Across from the hall is the college chapel, which is also free to enter. As you go in, you will be greeted by another spectacular roof. Take some time to admire the neoclassical décor with both Grecian and naval-themed motifs – the elegant blue and white patterns suggest a cirrus sky. In the entrance to the chapel, the poignant Franklin monument commemorates the loss of the crews on board HMS Erebus and Terror as they searched for the Northwest Passage in Canada in 1845. The chapel is now frequently used for musical performances from Trinity Laban Conservatoire that are open to the public, and it continues to host a Sunday church service every week. Both the Painted Hall and Chapel of St Peter and Paul are open daily from 10am to 5pm.

NATIONAL MARITIME MUSEUM

Make your way south-west to the National Maritime Museum. Visiting it is a great way to put Greenwich’s nautical associations into context. Check out the Oceans of Discovery exhibition on the second floor, which has footage of HMS Endurance’s 1914 voyage to the Antarctic filmed by a cameraman on board. See the crew try to free the ship from being crushed by pack ice, before six members, including captain Ernest Shackleton, battled their way across the Atlantic on board a lifeboat, the James Caird, to get help. The film also includes extracts from the crew’s diaries. Another must-see is the Maritime London exhibition on the ground floor, which takes you through the history of London’s river trade from the Roman era to the present day. Open 10am-5pm. Entry is free; nmm.ac.uk

THE QUEEN’S HOUSE

Just across from the museum is the Queen’s House, originally built for Anne of Denmark, the wife of King James I. Climb the spiralling “tulip stairs”, named after the beautiful floral design on the banister, and then from the balcony in the Great Hall, stare down at the black and white marble floor – the pattern soon becomes hypnotic. Ask a guide to talk you through the gallery of paintings upstairs, which holds Canaletto’s Venetian-style interpretation of the view of Greenwich from the north bank, and other portraits that throw light on the house’s royal history. Look out for the portrait of Emma Hart, whose affair with Admiral Lord Nelson led to her demise. Open 10am-5pm. Entry is free; nmm.ac.uk

ROYAL OBSERVATORY

Now for a 15-minute walk up the hill from the Queen’s House, which steepens quite a bit as you approach the Royal Observatory. The look-out point beside the statue of General James Wolfe gives a breathtaking view of London’s skyline.
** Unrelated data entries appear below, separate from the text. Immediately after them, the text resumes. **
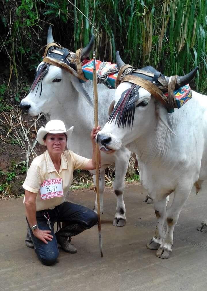 “A mi esposo también le gustaban mucho las carretas y los bueyes; él ya murió, pero en vida siempre me apoyó en lo que pudo. Hace poco más de once años, cuando hacían desfiles de boyeros, me invitaban de madrina y me vestía típico para andar subida en una carreta, pero eso no me gustaba: lo que quería era andar con mi propia yunta jalando una carreta. Se lo dije a mi esposo y entonces él me compró los bueyes y todo”.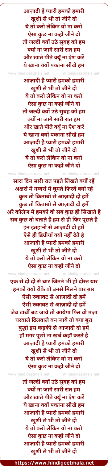 Lyrics of Aazaadi Hai Pyari - आज़ादी है प्यारी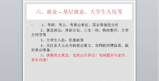 谷长乐老师从学校疫情防控要求、就业推荐表、毕业生登记表、三方协议、就业追踪、就业上报、基层就业、大学生入伍等方面展开就业动员大会。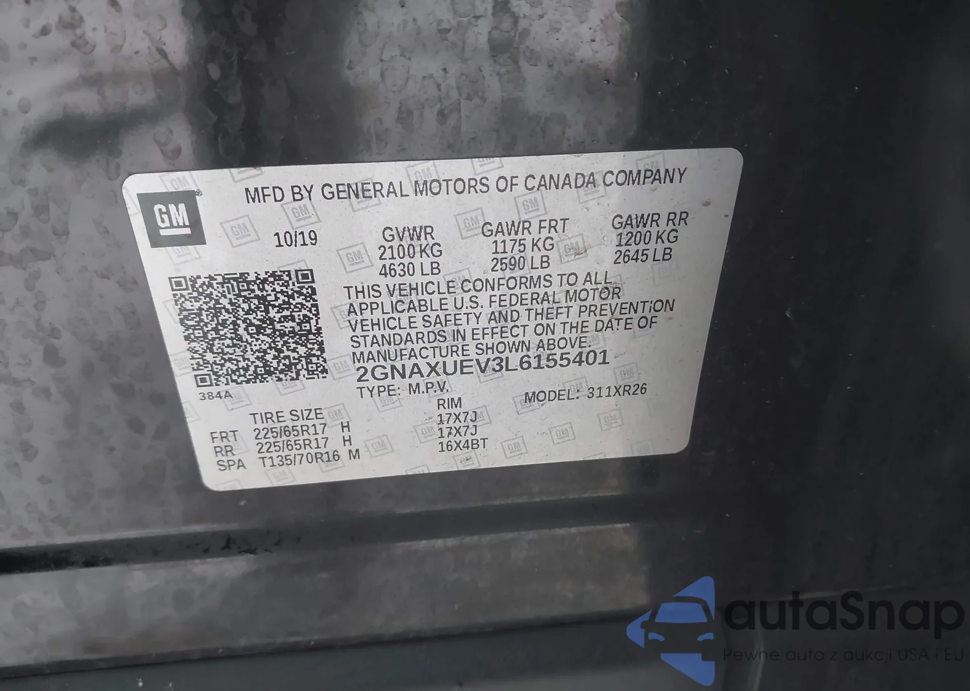 • VIN 2GNAXUEV3L6155401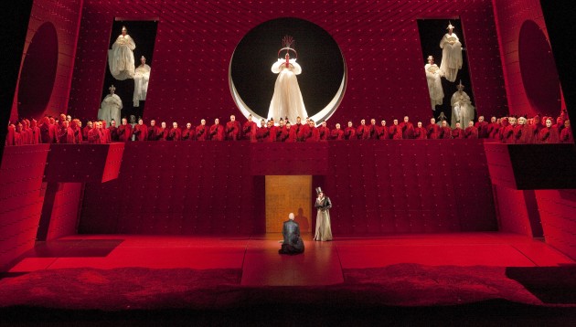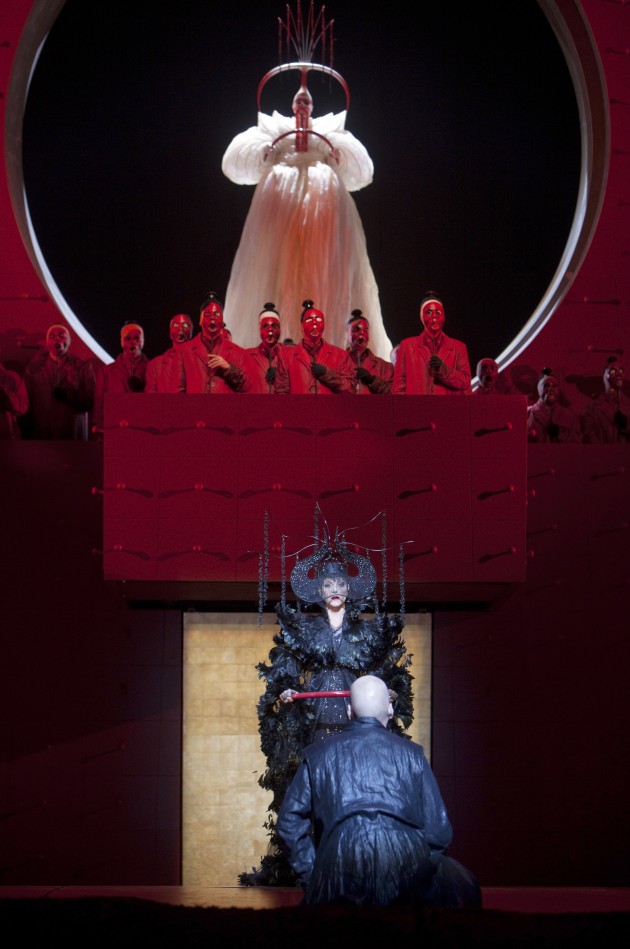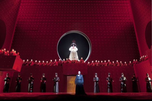 Nella regia del tedesco Nikolaus Lehnhoff, Turandot si copre di eleganza figurativa, con la crudele regina pechinese ammantata di un’eleganza quasi gotica, al centro di una scenografia squadrata, resa ancor più imponente da pervasive luci rosse. Una scena che resta immutata durante le tre ore di spettacolo, ma che i passaggi di luce dipingono come un’enigmatica prigione iniziale, per poi ritrarla come un’accecante luogo di luce sul finale, quando Turandot si spoglia del sui costume (che nelle intenzioni del regista dovrebbe farla sembrare “un grande insetto con un grosso mantello”) e si abbandona all’amore. Altra novità del finale, il fatto che il corpo di Liù, la vittima sacrificale della relazione tra Calaf e Turandot, è tenuto sul palco anche dopo la sua morte: un lieto fine, quindi, umanizzato e senza eccessivi trionfalismi. Colpirà – o quanto meno farà sorridere – anche il contrasto tra il registro della trama principale dell’opera e gli alleggerimenti di Ping, Pong e Pang, i tre ministri del regno con creste, bretelle e bombette che bevono birra e guardano un poster di una giovane pin up.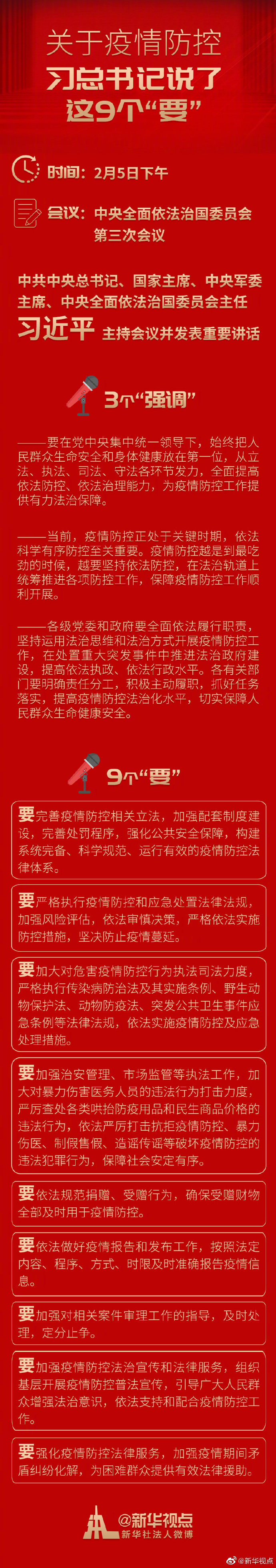 2月5日下午,中共中央總書記、國家主席、中央軍委主席、中央全面依法治國委員會主任習近平主持召開中央全面依法治國委員會第三次會議強調,全面提高依法防控依法治理能力,為疫情防控提供有力法治保障。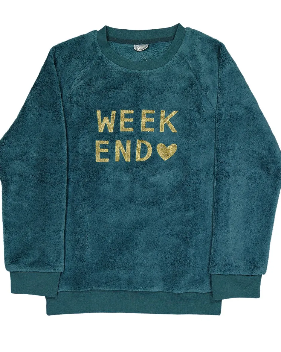 Ce twosie bleu pour fille est fabriqué en coral fleece doux, composé à 100 % de polyester. Le pull a un col rond et un message de week-end avec un cœur. Le pantalon a un motif à carreaux bleu et blanc. Grâce à sa matière chaude et confortable, cet ensemble est agréable à porter à la maison lors d’une journée de détente. Pratique pour les jours froids et facile à entretenir.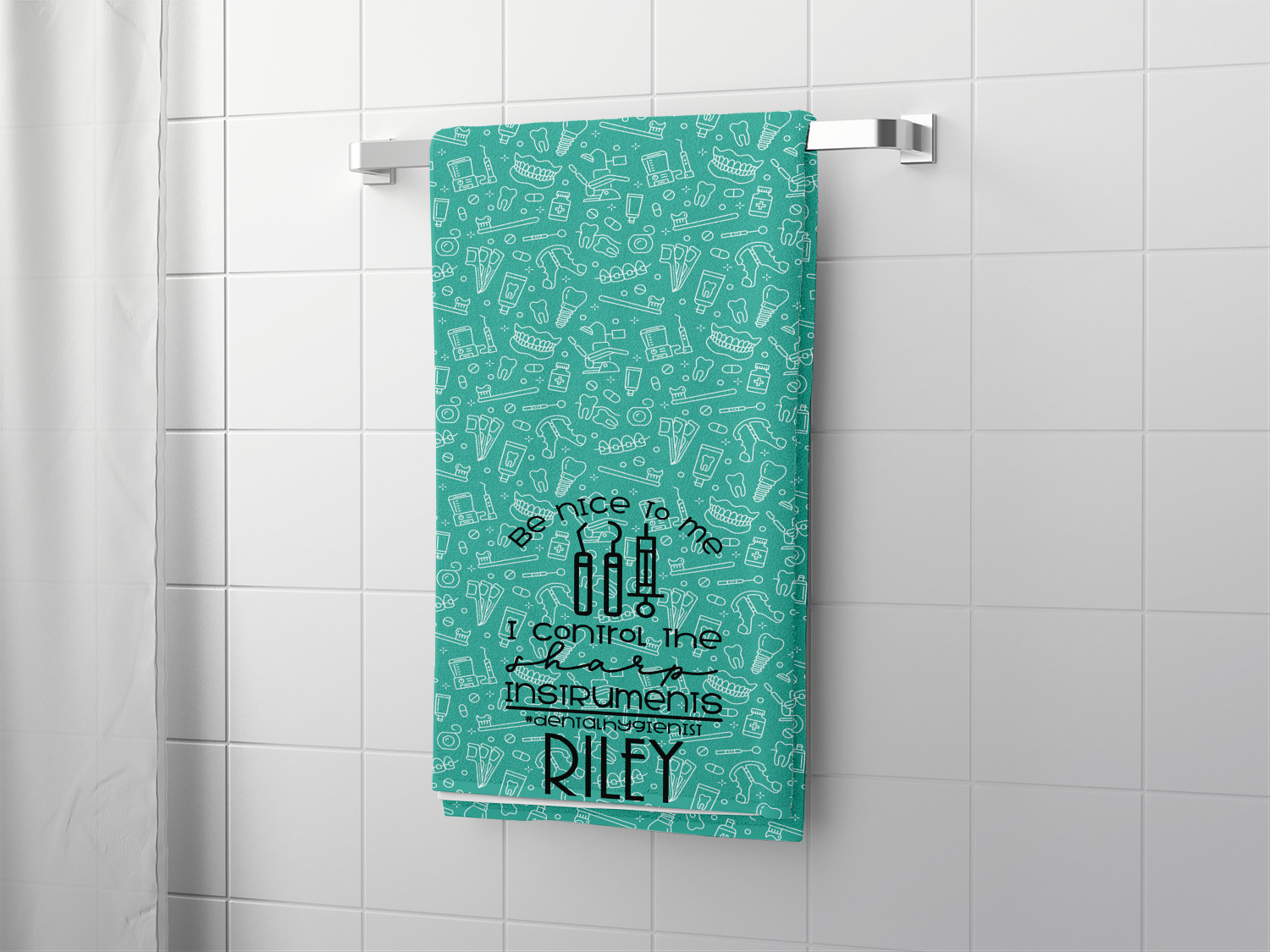 For the foreground, we used a fun quote that says "Be nice to me, I control sharp instruments #dental hygienist"Dental Hygienists bring the sparkle". We chose to personalize it with a name underneath. We used black for our color. You can customize the graphics, the colors as well as the personalization. Enjoy customizing it to make it yours.

While Flamsteed House and the Time Galleries are worth a walk through, and standing with one foot on either side of the Meridian Line is tempting (it’s here that Greenwich Mean Time is derived), the recent introduction of a £10 entrance fee is controversial. If you are interested in learning about the science of sea navigation then it’s worth putting your hand in your pocket, but otherwise head to the Astronomy Galleries beneath the “onion dome” for free and interactive exhibitions about the universe. Open 10am-5pm; nmm.ac.uk

THE YACHT

Greenwich is brimming with traditional pubs. As you head down the hill of the Royal Park, continue on to Park Row and head towards the river. Turn right along cobbled Crane Street and you’ll find the Yacht pub. The exterior is pretty and inviting, and its riverside location offers great views of Canary Wharf and the Docklands. The Yacht offers a weekday lunchtime menu for £5 (the 6oz steak burger is a satisfying option), and other main courses are reasonably priced at about £10. Take a seat by the window and watch the boats go by. Open Mon-Sat 12pm-11pm; Sun until 10.30pm. Tel +44 (0)20 8858 0175.